После короткой паузы комиссар добавил:

— У нас нет связи с городским подпольем. Мы даже не знаем, существует ли оно. Но вы калужанин, знаете людей. Подумайте, прикиньте, к кому в случае крайней необходимости можно обратиться, и действуйте в соответствии с обстановкой.

Терехов уходил поздно ночью, когда все спали. На командирском совете было решено «калужское задание» хранить в тайне даже от партизан. Послали, мол, по делам — и все! Уходил Илья без оружия, в потрепанном пиджаке поверх солдатской гимнастерки, оставив Карасеву на персональное хранение карабин, наган и финский нож, с которым последнее время не расставался.

Погода благоприятствовала разведчику. Последние несколько дней не было ни дождя, ни снега, лесная дорога, сухая и подмерзшая не оставляла следов. Шагалось по ней легко. Вот когда пригодились Ивану его пограничные навыки и опыт. Со стороны могло показаться, что идет он неторопливо, медленного это было обманчивым впечатлением. Легкий, размеренный шаг, которым отмахивал Терехов километр за километром, был шагом опытного ходока, вышедшего в долгий и тяжелый путь.

Глаза Ильи свыклись с темнотой, и узкая лесная дорога проглядывалась теперь далеко впереди. План разведчика был прост. Двигаться ночью, с утра подаваться поглубже в чащу и залегать дотемна. Вблизи от города дождаться попутного грузовика, еще лучше телеги (с утра гужевой транспорт обычно тянется в Калугу), вглядеться как следует, чтобы не напороться на чужака, и ежели все в порядке — «оседлать». Таким образом добраться до первых калужских домов, а там ищи-свищи. «Растаю, как сон. Как утренний туман, — заверил Илья партизанских командиров. — Я ведь калужский шофер, не только переулки в городе, все закоулки, проходные дворы наперечет знаю».

…Путь до Калуги разведчик проделал за 57 часов.

За эти часы было всякое.
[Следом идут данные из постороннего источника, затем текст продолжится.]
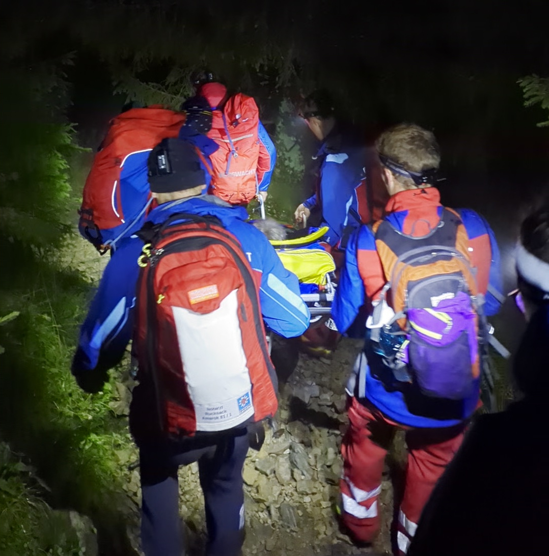 Nach der Erstversorgung der Patientin folgte der aufwändige Abtransport mit der Gebirgstrage durch rutschiges und steiniges Gelände.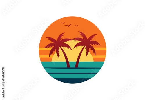 tropical, sunset, palm tree, silhouette, ocean, bird, vector, illustration, circle, orange, yellow, blue, vacation, paradise, travel, tropical island, beach, summer, sunrise, peaceful, serene, relaxing, holiday, nature, coast, sky
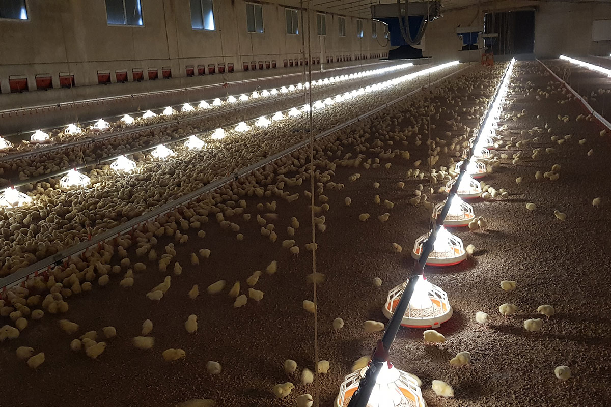 FlexLED glo упрощает доступ бройлеров к корму. Т.о. именно в первые дни жизни цыплята смогут еще проще находить корм, Это обеспечивает оптимальный старт для цыплят.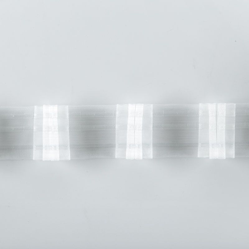 Шторная лента полностью прозрачная для тюлей и портьерных тканей с 4-ой бантовой складкой. Сокращение - 1:3, раппорт - 24 см, расстояние между складками - 8 см, 2 ряда кармашков, крепление - крючки.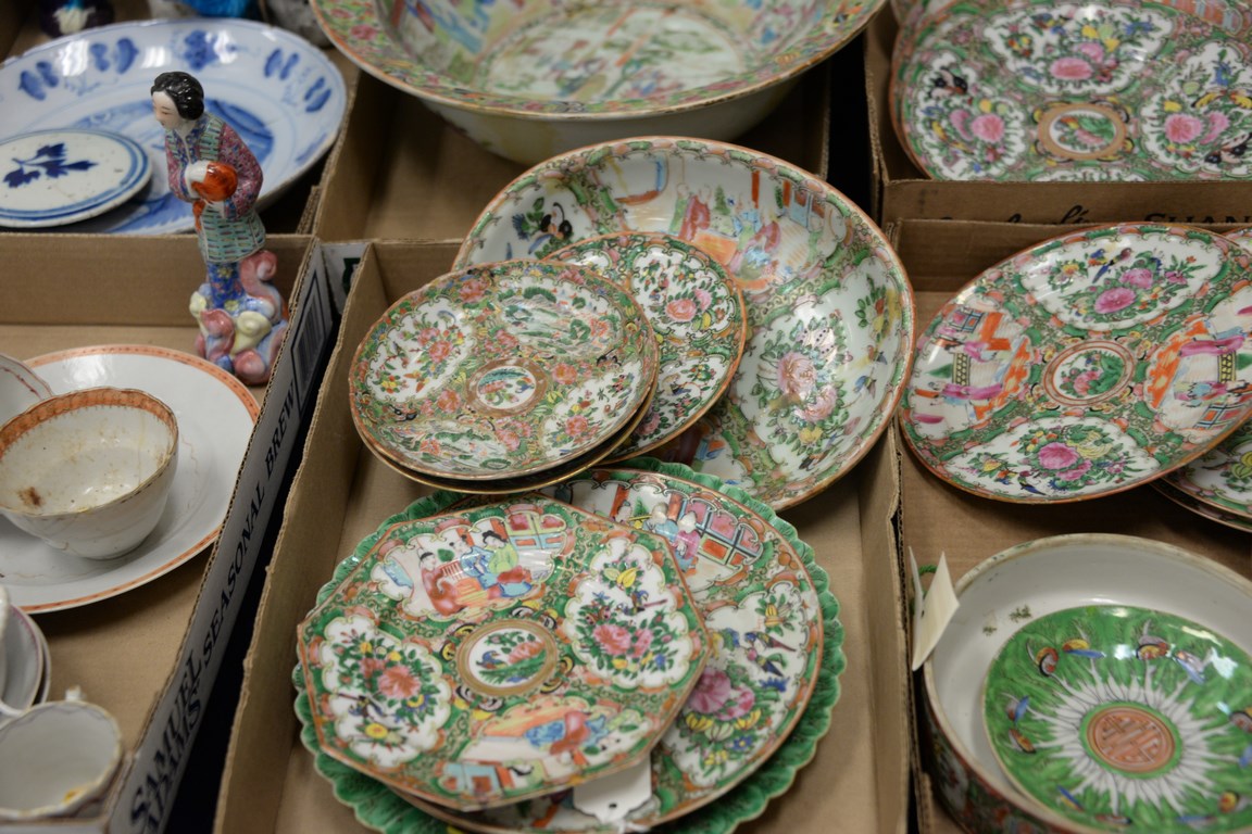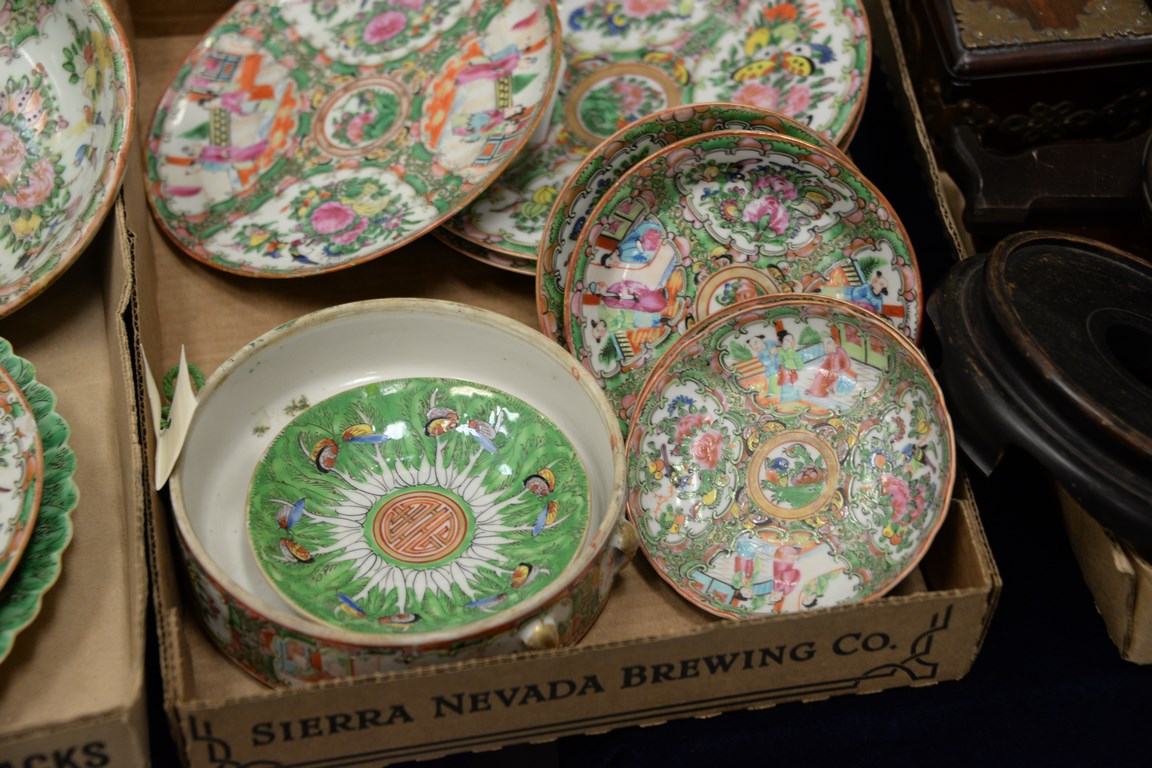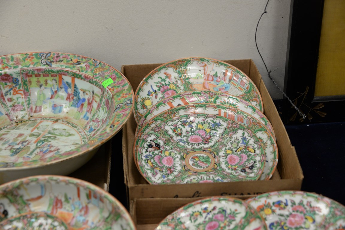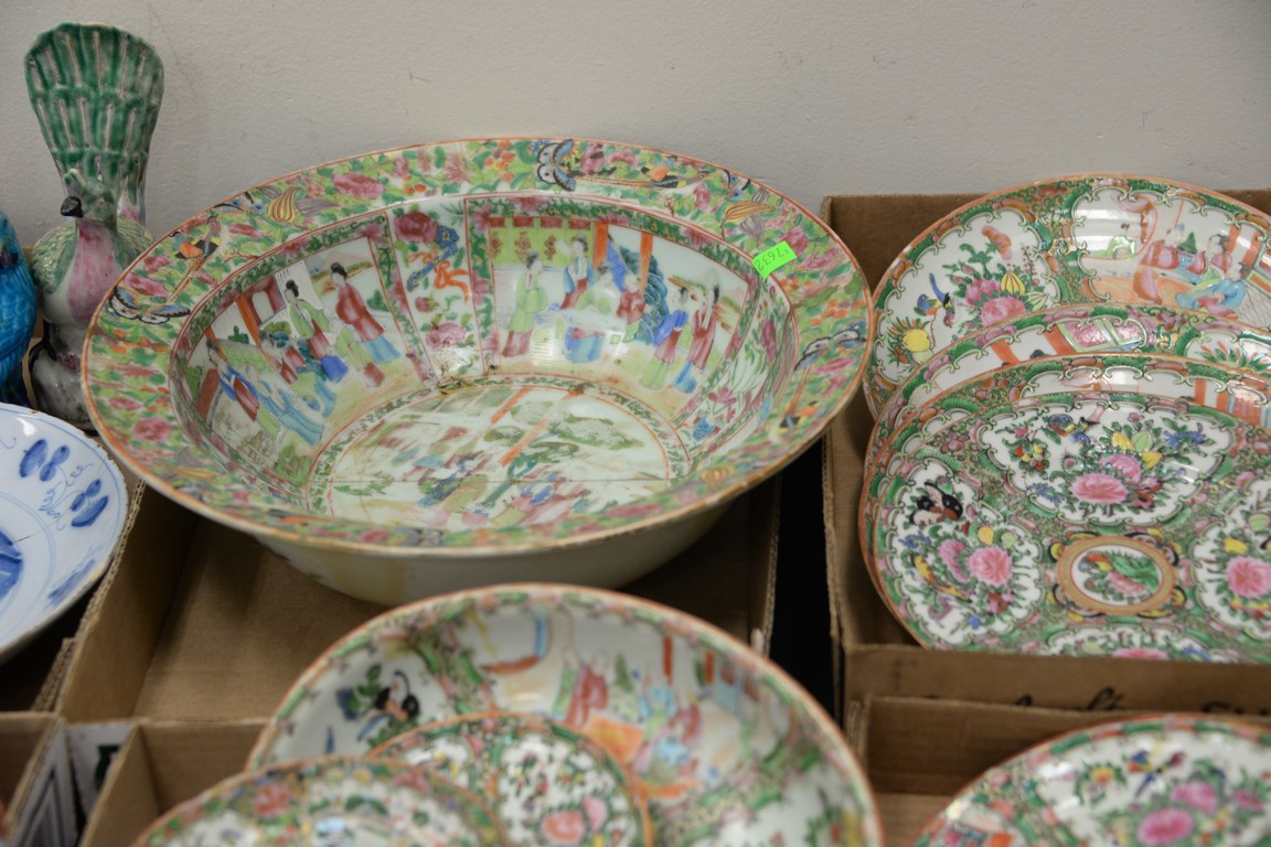 Four box lots including Rose Famille plates, saucers, serving pieces, etc.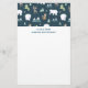 Stationery paper with a whimsical festive pattern. Polar bears, reindeers, trees. foxes, and snowflakes. On a dark green background.

Неподалеку от Гурьева Терехов едва не напоролся на группу немецких танкистов, устроивших привал почти у обочины дороги. Илью заметили и окликнули. Что делать? Бежать в глубь леса и вызвать погоню или идти напрямик и разыграть заранее продуманную роль дезертира?

Решение созрело мгновенно. Сделав вид, что не расслышал окрика, Терехов спокойным шагом продолжал свой путь и тут же на глазах озадаченных солдат метнулся за деревья и, пригибаясь, побежал в лес. Вслед ему раздалось несколько выстрелов, но погони не было: на шоссе заурчали танковые моторы, послышались слова команды, и солдаты кинулись к машинам.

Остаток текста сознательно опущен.